While as many as 7.2% of Oslo's population are Muslims, this figure is only 0.85% in Western Norway. There are two mosques, one in Bergen and Stavanger. In total, 10,685 people members of this religious community.

| Year | 2006 | 2007 | 2008 | 2009 |
|---|---|---|---|---|
| Islam in Western Norway | 8,697 | 9,540 | 9,578 | 10,685 |
| Percent | 0.72% | 0.78% | 0.77% | 0.85% |

===Buddhism===
Buddhism increased its number of adherents from 0 in 2004 to 2,082 in 2009.
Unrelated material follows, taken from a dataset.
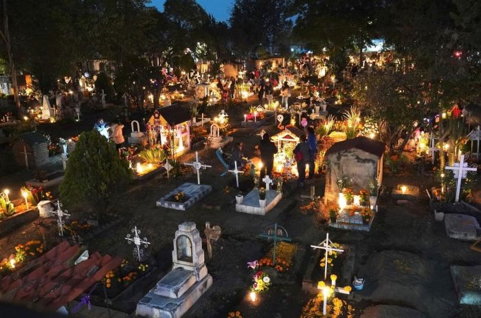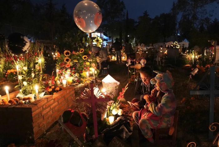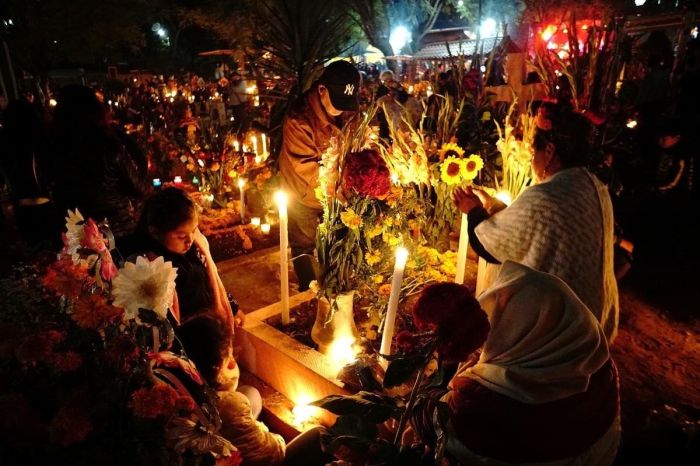 В Оахаке, например, мертвых поминают бдениями, а их жизнь празднуется собраниями на кладбищах, куда приносят еду и напитки, которые кладут на алтари.

| Year | 2006 | 2007 | 2008 | 2009 |
|---|---|---|---|---|
| Buddhism in Western Norway | 1,489 | 1,583 | 1,689 | 2,082 |
| Percent | 0.12% | 0.13% | 0.13% | 0.16% |

===Others===

| Year | 2006 | 2007 | 2008 | 2009 |
|---|---|---|---|---|
| Baháʼí Faith, Judaism, Sikhism in Western Norway | 1,140 | 1,181 | 1,171 | 1,397 |
| Percent | 0.09% | 0.09% | 0.09% | 0.11% |

====Judaism====

Western Norway has a small Jewish community. There has never been a synagogue in this part of the country, but before World War II, there was one congregation in Bergen and one in Kristiansund.